The task:
Make an exact copy, from the records below, of the lines from the line containing "This is a pair" to the line containing "曲谱介绍: 神秘嘉宾吉他谱,由林宥嘉演唱", both lines included, excluding pictures.

Exercise materials:
========

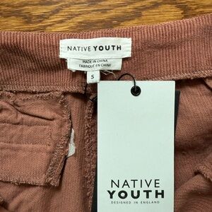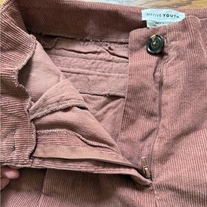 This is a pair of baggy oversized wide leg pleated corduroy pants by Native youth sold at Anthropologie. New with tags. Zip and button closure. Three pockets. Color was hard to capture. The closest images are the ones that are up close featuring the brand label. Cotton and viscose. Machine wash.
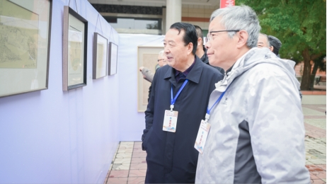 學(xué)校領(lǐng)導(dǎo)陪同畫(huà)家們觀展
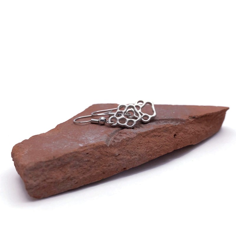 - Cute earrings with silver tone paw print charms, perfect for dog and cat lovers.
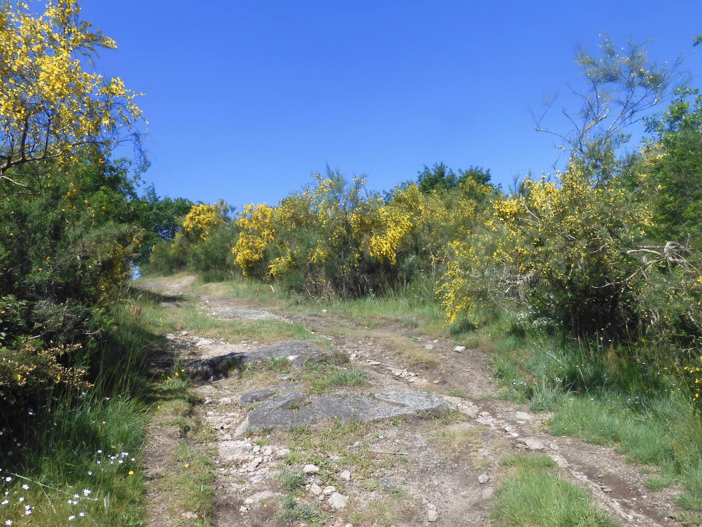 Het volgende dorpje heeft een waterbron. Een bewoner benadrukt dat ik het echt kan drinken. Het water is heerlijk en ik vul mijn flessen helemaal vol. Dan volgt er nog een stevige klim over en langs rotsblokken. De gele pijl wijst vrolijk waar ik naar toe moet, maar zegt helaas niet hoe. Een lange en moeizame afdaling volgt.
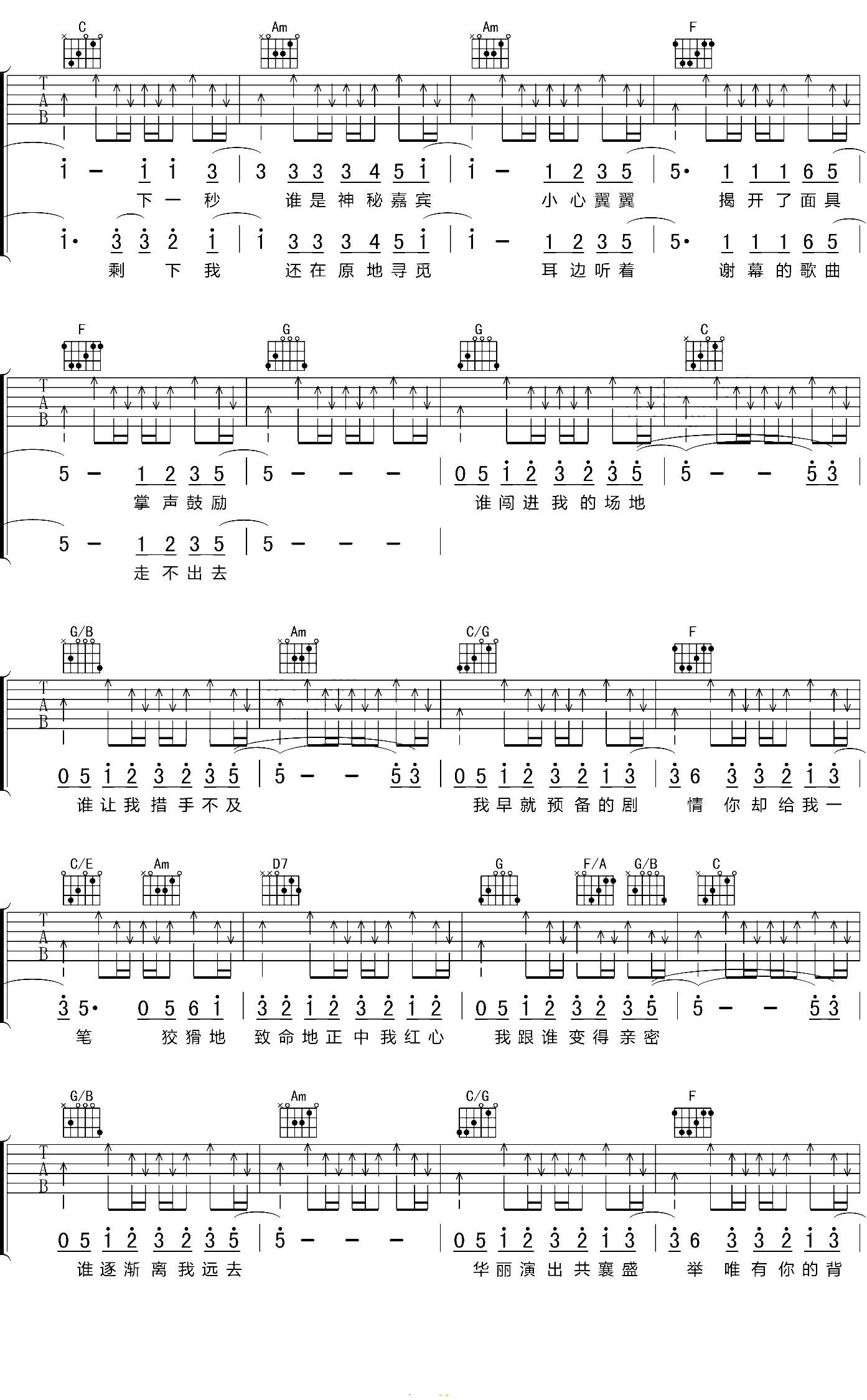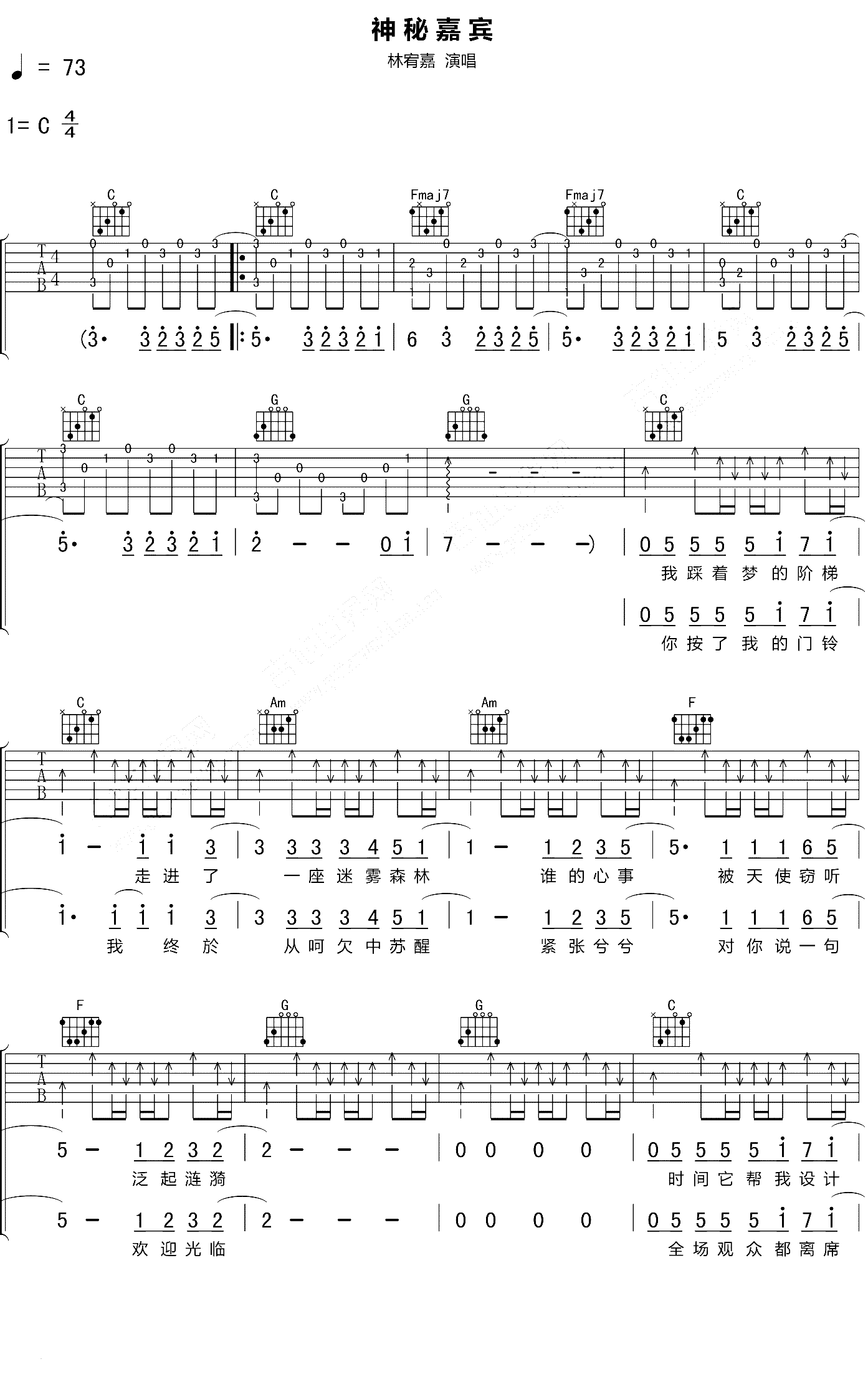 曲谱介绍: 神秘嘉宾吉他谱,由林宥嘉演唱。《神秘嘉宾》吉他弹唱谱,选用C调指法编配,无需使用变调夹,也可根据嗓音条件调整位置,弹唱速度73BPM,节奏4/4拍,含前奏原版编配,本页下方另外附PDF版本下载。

========

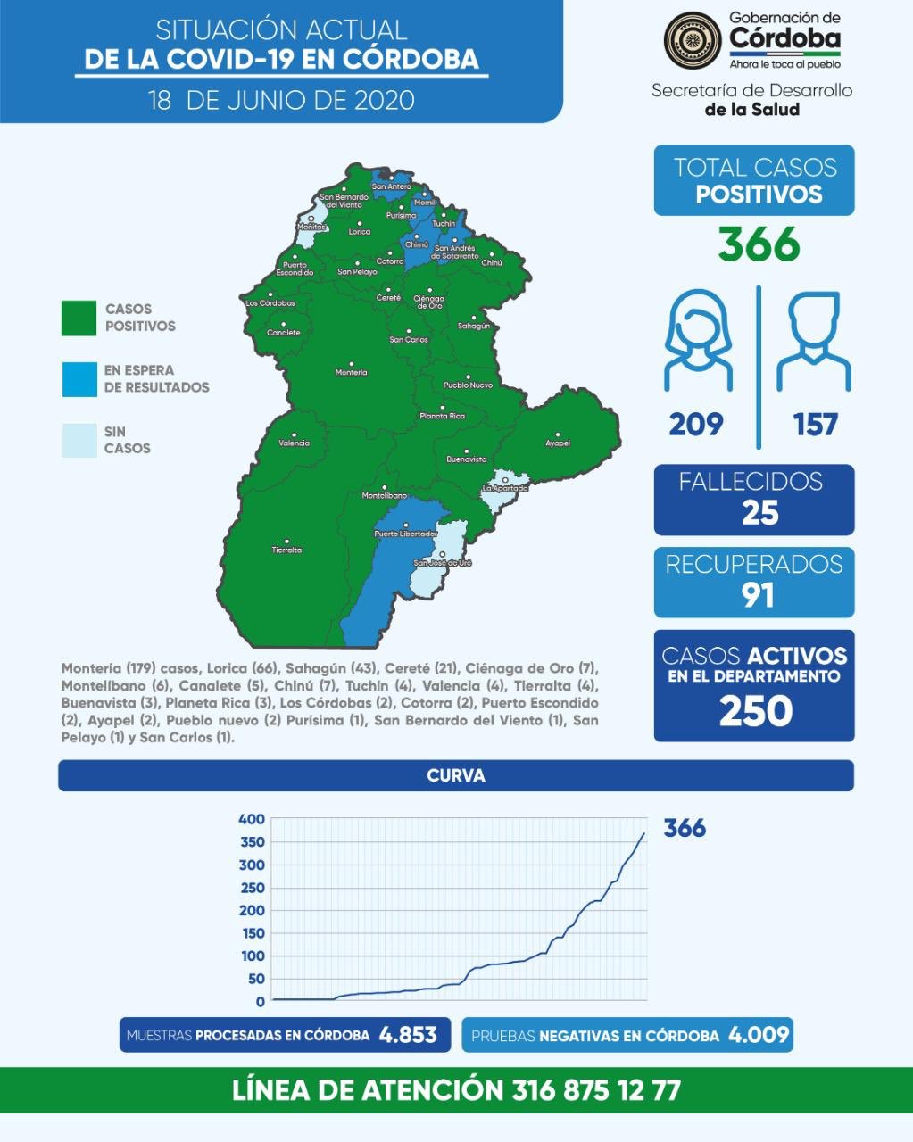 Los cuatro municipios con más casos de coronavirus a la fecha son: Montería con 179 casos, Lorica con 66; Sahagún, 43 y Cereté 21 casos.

========

Answer section:
 This is a pair of baggy oversized wide leg pleated corduroy pants by Native youth sold at Anthropologie. New with tags. Zip and button closure. Three pockets. Color was hard to capture. The closest images are the ones that are up close featuring the brand label. Cotton and viscose. Machine wash.
 學(xué)校領(lǐng)導(dǎo)陪同畫(huà)家們觀展
 - Cute earrings with silver tone paw print charms, perfect for dog and cat lovers.
 Het volgende dorpje heeft een waterbron. Een bewoner benadrukt dat ik het echt kan drinken. Het water is heerlijk en ik vul mijn flessen helemaal vol. Dan volgt er nog een stevige klim over en langs rotsblokken. De gele pijl wijst vrolijk waar ik naar toe moet, maar zegt helaas niet hoe. Een lange en moeizame afdaling volgt.
 曲谱介绍: 神秘嘉宾吉他谱,由林宥嘉演唱。《神秘嘉宾》吉他弹唱谱,选用C调指法编配,无需使用变调夹,也可根据嗓音条件调整位置,弹唱速度73BPM,节奏4/4拍,含前奏原版编配,本页下方另外附PDF版本下载。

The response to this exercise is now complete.